Furthermore, this research provides both fundamental insights and practical solutions. “At the fundamental level, we revealed how Fe-Ni metal ensembles interact at the atomic scale and how interfaces in the carbon matrix govern electrocatalytic reactions, giving a deep understanding of structure–activity relationships,” says Saha. “We then translated these insights into a working device, integrating the catalysts into MEA systems for hydrogen production, and recently completing promising experiments on nitrogen reduction reactions (NRRs) to ammonia, showing that our approach is not just academic, but also scalable and impactful at the system level. This work bridges atomic-scale materials design into real-world electrochemical devices, demonstrating that fundamental science can directly guide practical, sustainable energy solutions.”
The outcomes of this research could lead to exciting advancements in clean energy production. “This research delivers a fast, scalable method to make Fe-Ni metal ensembles that drive clean hydrogen, oxygen, and ammonia production, while providing scientists a platform to study atomic-scale synergy in multi-metal catalysts for sustainable energy and chemical applications,” argues Saha. “In short, we found a fast, cheap way to arrange iron and nickel so they work together like a team to turn water into clean energy fuel. This could help make cleaner energy for the future and reduce pollution.”
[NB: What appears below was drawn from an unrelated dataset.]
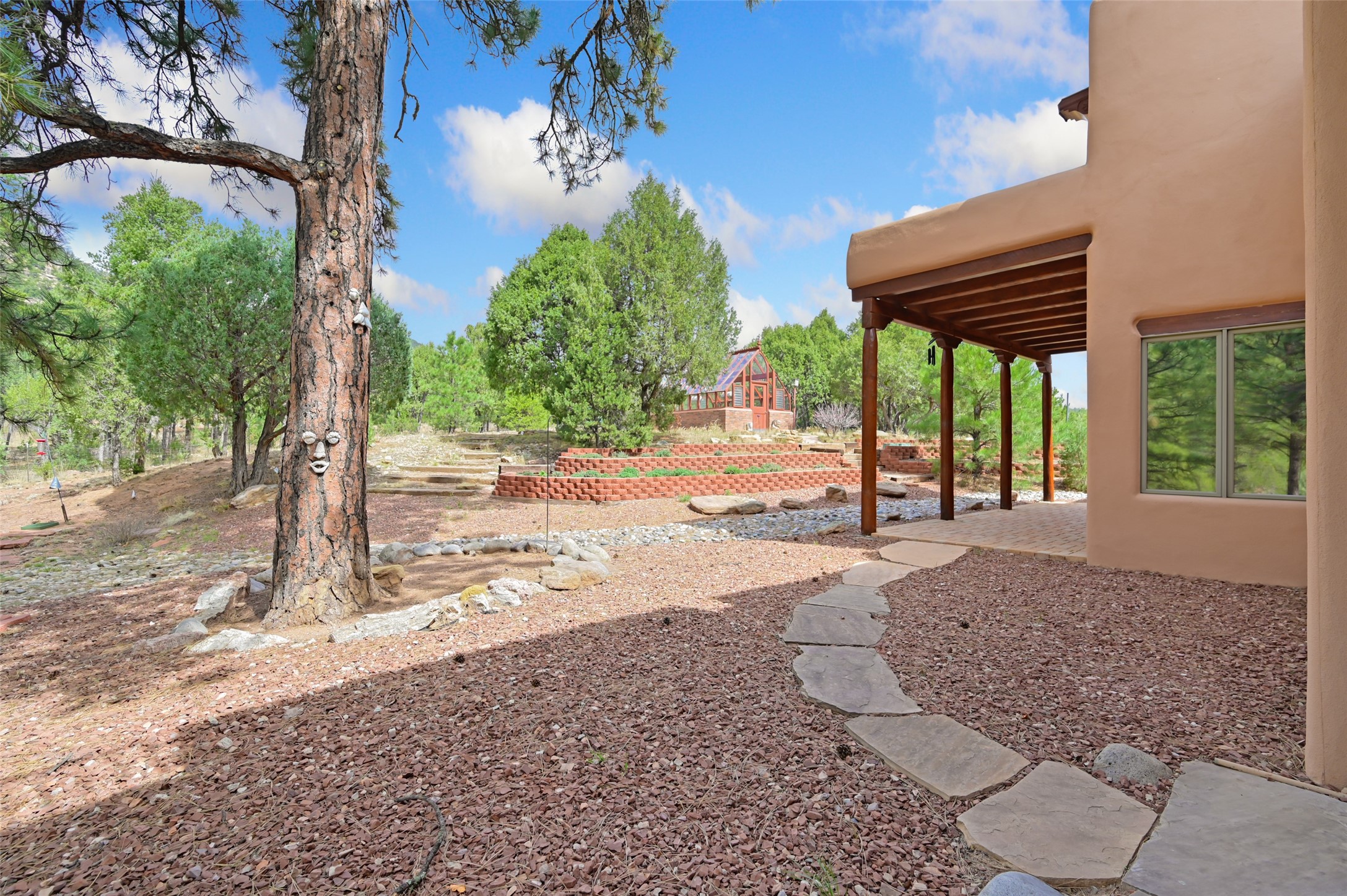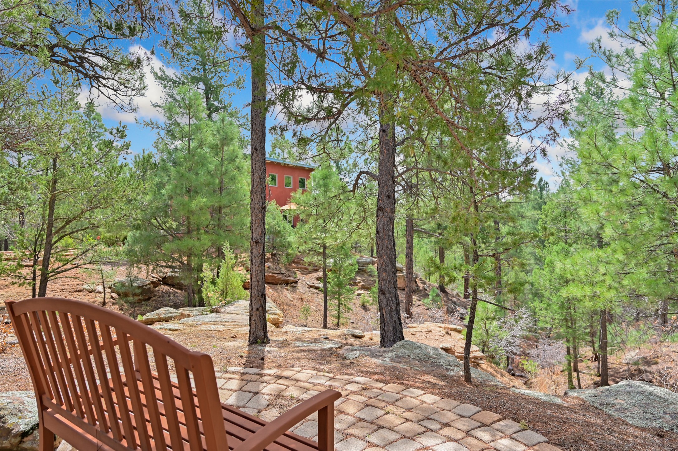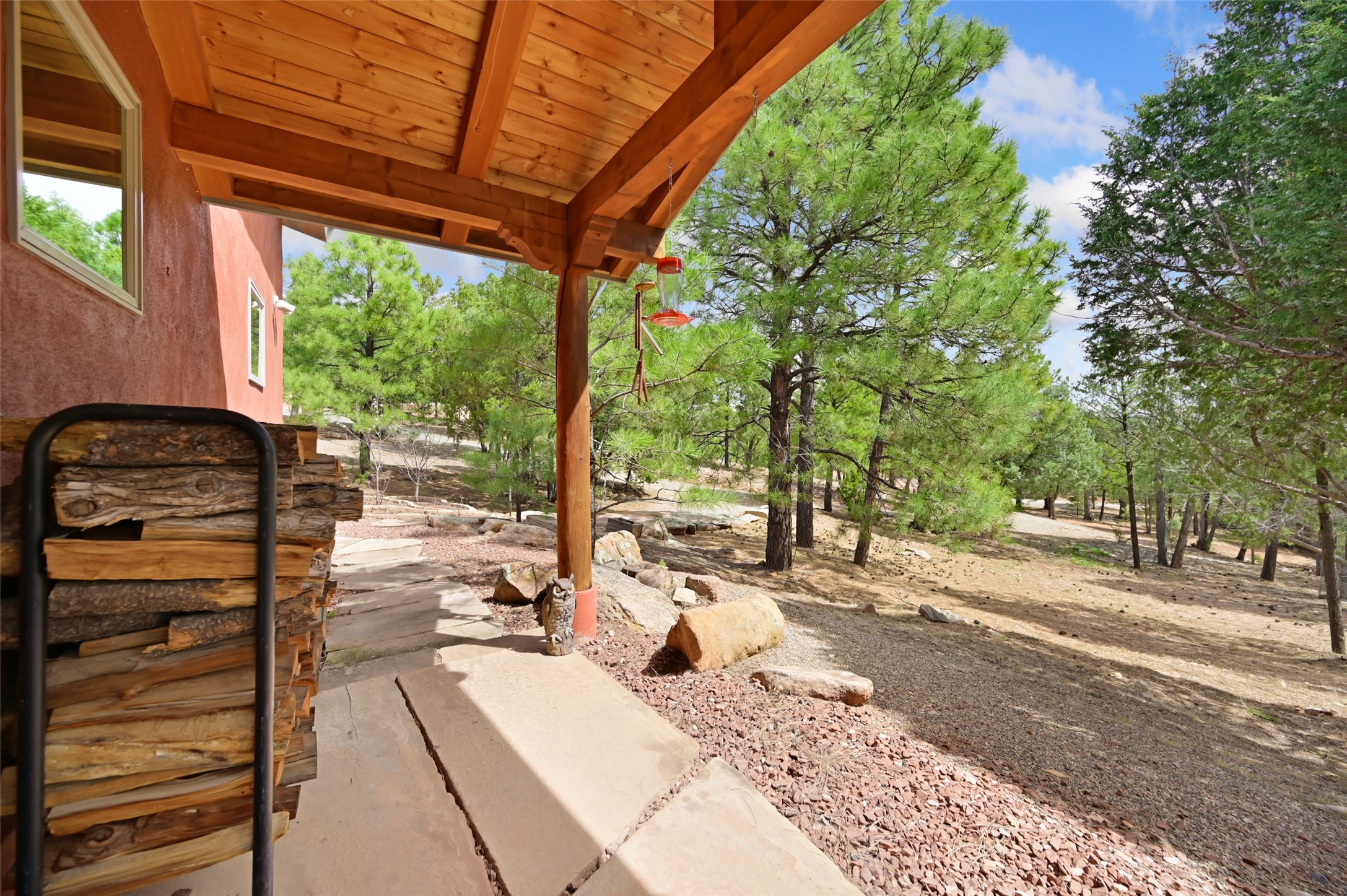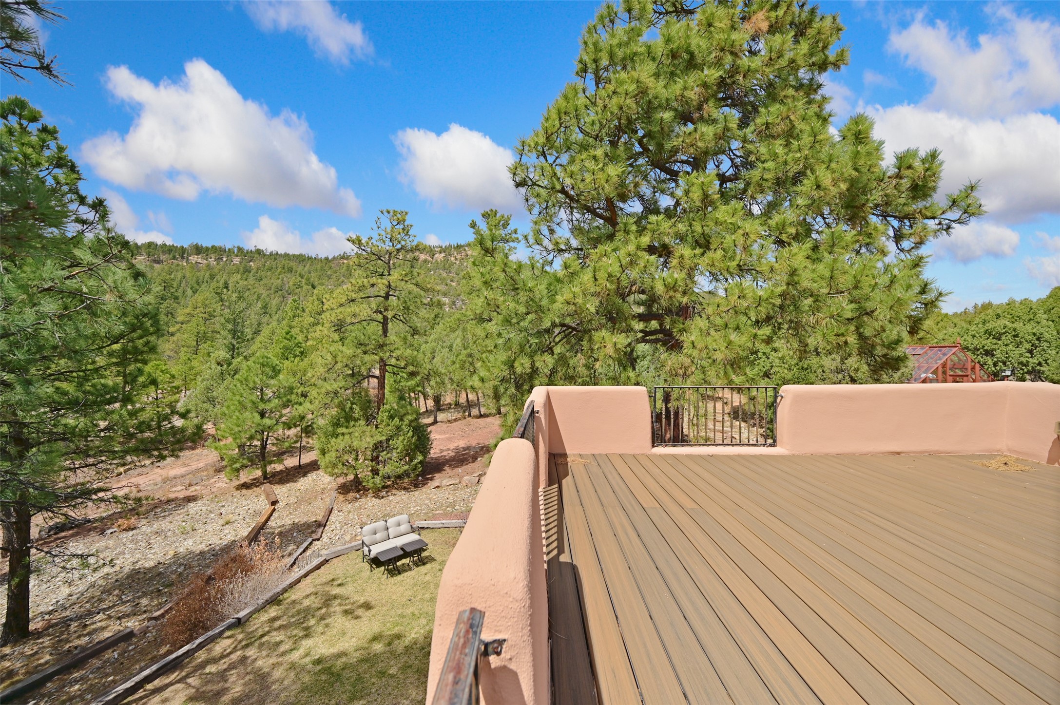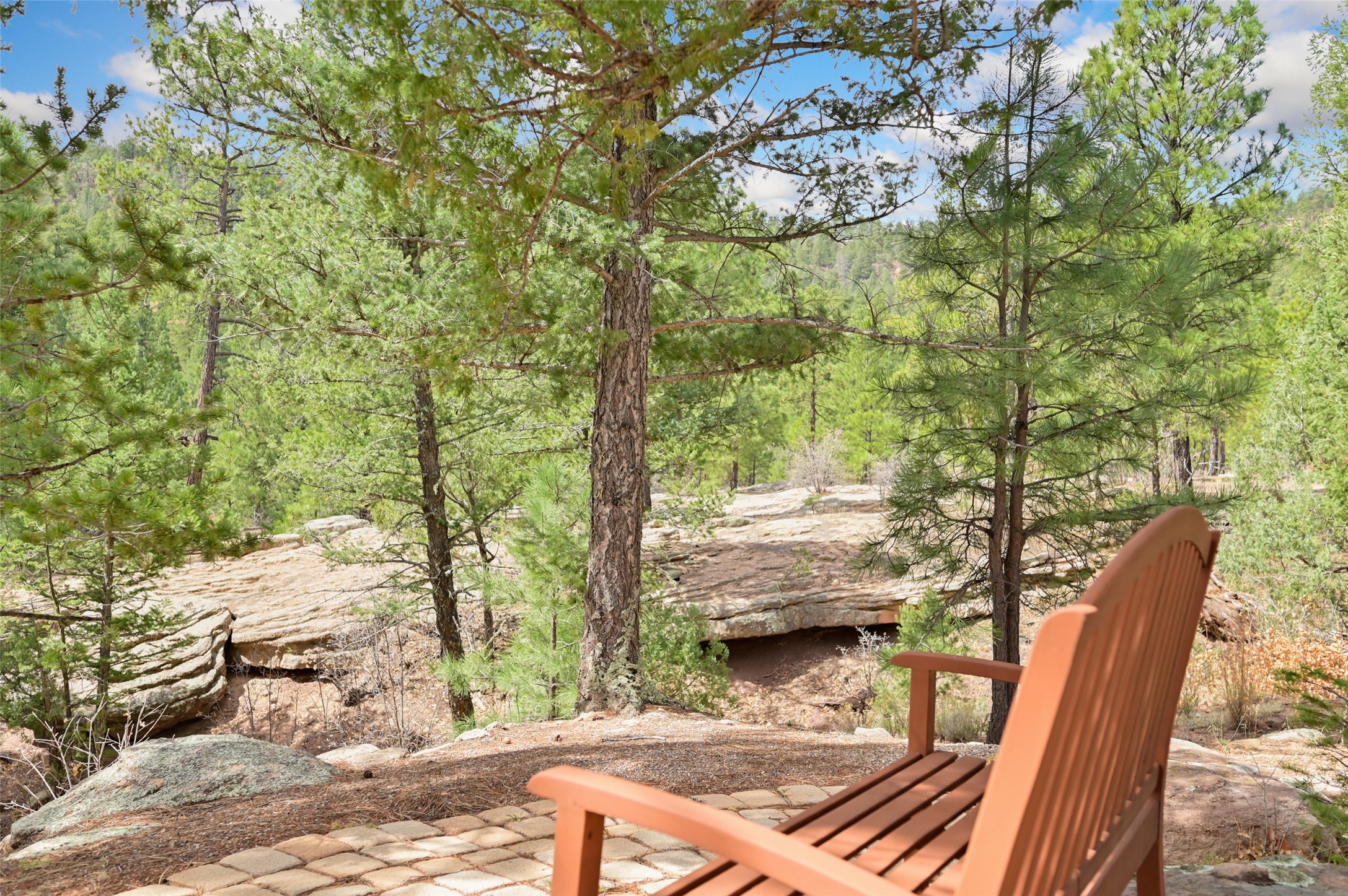 Life is beautifully slow at this elegant retreat set on 27+ acres, adjacent to the Santa Fe National Forest. Tucked in a quiet canyon, the main home features a great room with a stone kiva fireplace, a cozy den off the kitchen, dining room, two bedrooms and bath, 1/2 bath and a large utility room area with abundance of storage. The primary suite located on the upper floor of this home offers an additional living area, wood floors, kiva fireplace and a spa-like bathroom with a steam shower, plus a generous deck perfect for enjoying expansive skies both night and day - truly a luxurious treetop perch. The rear of the main home opens to a grand portal - an expansive outdoor living area with plenty of room for entertaining, dining or just relaxing. The kiva fireplace in this roomy portal ensures warmth and cozy ambiance through the various seasons, extending comfortable year-round living to the outdoors. The guest house is a large yet snug, comfortable and warm space for your guests. The rear of this space opens to a deck overlooking the forest creating a wonderful experience for family and friends. The interior has a kitchenette and wood stove enhancing the livability of this great space. This property is located at the end of the trail/road and entry to the property is through a custom gate.

This research is the result of an international collaboration between the College of Natural Sciences’ Department of Polymer Science and Engineering, the Riccio College of Engineering’s Department of Chemical and Biomolecular Engineering (with Nick Wu, Zhu (Clark) Chen, and Peng Bai), the University of New South Wales in Australia (with Richard Tilley), the Canadian Center for Electron Microscopy, and the National Synchrotron Research Center in Taiwan.